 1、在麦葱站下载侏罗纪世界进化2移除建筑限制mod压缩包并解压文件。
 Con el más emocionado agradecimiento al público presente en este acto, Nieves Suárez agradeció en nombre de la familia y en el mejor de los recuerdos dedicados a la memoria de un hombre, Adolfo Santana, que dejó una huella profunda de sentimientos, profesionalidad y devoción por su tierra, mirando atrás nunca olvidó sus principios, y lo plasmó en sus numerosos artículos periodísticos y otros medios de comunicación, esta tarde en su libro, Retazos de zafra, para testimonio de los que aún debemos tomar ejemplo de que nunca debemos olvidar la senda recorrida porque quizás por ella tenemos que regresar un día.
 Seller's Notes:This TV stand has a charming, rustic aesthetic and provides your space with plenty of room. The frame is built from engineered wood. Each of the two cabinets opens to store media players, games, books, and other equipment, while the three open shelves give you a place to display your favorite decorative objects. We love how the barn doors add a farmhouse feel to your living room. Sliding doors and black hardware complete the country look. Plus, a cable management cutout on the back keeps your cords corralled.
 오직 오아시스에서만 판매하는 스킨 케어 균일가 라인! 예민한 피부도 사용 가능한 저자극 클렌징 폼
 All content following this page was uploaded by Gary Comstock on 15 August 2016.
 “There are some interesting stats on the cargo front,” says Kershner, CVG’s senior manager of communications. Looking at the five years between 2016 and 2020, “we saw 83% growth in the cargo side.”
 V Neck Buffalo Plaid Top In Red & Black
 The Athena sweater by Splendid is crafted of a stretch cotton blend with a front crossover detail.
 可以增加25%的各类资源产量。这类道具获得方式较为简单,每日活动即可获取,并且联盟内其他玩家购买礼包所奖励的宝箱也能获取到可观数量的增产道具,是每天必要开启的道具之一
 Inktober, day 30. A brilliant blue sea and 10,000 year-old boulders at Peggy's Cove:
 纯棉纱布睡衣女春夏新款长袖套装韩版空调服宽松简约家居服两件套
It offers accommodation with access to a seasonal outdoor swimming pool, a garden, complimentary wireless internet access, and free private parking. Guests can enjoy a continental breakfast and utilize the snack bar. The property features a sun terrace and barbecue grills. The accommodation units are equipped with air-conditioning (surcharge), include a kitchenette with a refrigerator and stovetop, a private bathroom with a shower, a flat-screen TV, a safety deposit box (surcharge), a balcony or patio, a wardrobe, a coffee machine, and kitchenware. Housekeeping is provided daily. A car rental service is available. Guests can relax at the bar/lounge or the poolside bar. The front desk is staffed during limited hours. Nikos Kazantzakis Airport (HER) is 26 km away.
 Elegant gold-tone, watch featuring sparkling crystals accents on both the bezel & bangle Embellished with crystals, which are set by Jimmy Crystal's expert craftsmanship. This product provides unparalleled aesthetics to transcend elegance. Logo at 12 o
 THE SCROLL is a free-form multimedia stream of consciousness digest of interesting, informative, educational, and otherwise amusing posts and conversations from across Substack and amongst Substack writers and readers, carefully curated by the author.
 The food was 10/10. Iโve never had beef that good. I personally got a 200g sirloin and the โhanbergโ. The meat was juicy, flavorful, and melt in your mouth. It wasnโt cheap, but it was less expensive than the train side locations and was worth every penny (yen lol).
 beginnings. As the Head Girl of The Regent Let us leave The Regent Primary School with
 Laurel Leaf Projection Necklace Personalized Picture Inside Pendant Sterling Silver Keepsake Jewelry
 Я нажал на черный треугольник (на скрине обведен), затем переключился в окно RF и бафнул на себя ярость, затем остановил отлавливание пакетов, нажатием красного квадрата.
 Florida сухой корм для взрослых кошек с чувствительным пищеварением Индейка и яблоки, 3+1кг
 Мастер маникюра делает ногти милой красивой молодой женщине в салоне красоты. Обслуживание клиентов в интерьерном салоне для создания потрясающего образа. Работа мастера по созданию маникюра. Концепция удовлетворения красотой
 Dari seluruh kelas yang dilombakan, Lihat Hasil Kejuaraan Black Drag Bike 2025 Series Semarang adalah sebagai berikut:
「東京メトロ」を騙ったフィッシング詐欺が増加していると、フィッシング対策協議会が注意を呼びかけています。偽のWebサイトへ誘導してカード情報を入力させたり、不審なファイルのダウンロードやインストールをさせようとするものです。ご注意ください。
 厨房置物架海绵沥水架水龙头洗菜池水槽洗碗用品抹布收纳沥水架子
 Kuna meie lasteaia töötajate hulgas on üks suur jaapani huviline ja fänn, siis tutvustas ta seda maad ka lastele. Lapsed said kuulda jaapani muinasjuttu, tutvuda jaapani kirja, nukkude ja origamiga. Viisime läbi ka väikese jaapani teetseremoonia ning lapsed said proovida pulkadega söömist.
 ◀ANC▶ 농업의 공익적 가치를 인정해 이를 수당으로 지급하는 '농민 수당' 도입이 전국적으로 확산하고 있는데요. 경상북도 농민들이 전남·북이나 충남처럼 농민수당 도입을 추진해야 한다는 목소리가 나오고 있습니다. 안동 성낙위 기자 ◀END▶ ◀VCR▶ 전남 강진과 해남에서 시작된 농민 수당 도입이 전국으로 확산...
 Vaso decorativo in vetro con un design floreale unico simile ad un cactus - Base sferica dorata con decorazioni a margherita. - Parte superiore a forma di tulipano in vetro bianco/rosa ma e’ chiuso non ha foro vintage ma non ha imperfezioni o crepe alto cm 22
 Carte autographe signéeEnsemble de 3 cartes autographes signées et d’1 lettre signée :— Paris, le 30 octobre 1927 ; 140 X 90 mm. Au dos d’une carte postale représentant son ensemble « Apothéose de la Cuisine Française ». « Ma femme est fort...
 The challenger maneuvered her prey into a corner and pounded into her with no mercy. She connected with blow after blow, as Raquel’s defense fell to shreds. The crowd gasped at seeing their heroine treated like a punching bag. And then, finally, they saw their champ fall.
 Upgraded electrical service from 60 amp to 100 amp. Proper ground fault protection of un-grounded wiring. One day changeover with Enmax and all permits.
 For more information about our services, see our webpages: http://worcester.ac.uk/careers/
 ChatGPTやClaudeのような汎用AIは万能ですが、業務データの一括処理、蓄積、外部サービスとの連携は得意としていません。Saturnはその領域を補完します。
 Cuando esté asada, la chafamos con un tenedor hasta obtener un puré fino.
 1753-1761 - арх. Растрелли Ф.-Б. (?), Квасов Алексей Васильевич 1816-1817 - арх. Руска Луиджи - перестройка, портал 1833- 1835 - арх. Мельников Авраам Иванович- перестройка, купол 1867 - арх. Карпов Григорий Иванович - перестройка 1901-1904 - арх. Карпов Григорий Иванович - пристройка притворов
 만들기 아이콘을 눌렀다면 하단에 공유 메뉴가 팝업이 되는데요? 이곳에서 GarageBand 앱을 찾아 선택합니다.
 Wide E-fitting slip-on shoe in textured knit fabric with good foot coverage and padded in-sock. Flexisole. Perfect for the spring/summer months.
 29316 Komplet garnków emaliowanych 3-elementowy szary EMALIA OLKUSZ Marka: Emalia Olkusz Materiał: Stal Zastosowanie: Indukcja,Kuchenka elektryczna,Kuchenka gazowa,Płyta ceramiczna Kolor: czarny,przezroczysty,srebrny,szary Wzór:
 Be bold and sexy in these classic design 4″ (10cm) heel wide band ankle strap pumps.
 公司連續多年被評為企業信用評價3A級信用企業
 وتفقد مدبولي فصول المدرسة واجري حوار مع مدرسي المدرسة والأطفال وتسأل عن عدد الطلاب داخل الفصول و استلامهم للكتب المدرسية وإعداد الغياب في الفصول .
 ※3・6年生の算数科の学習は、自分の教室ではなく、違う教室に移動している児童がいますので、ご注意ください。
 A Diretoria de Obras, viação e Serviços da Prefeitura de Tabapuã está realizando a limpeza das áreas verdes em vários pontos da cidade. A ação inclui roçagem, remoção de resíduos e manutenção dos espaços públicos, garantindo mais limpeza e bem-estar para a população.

What this task involves:
Send back exactly the lines of the listing above starting at the one with "Dari seluruh kelas" and ending at the one with "厨房置物架海绵沥水架水龙头洗菜池水槽洗碗用品抹布收纳沥水架子", inclusive, and no others.

Output:
 Dari seluruh kelas yang dilombakan, Lihat Hasil Kejuaraan Black Drag Bike 2025 Series Semarang adalah sebagai berikut:
「東京メトロ」を騙ったフィッシング詐欺が増加していると、フィッシング対策協議会が注意を呼びかけています。偽のWebサイトへ誘導してカード情報を入力させたり、不審なファイルのダウンロードやインストールをさせようとするものです。ご注意ください。
 厨房置物架海绵沥水架水龙头洗菜池水槽洗碗用品抹布收纳沥水架子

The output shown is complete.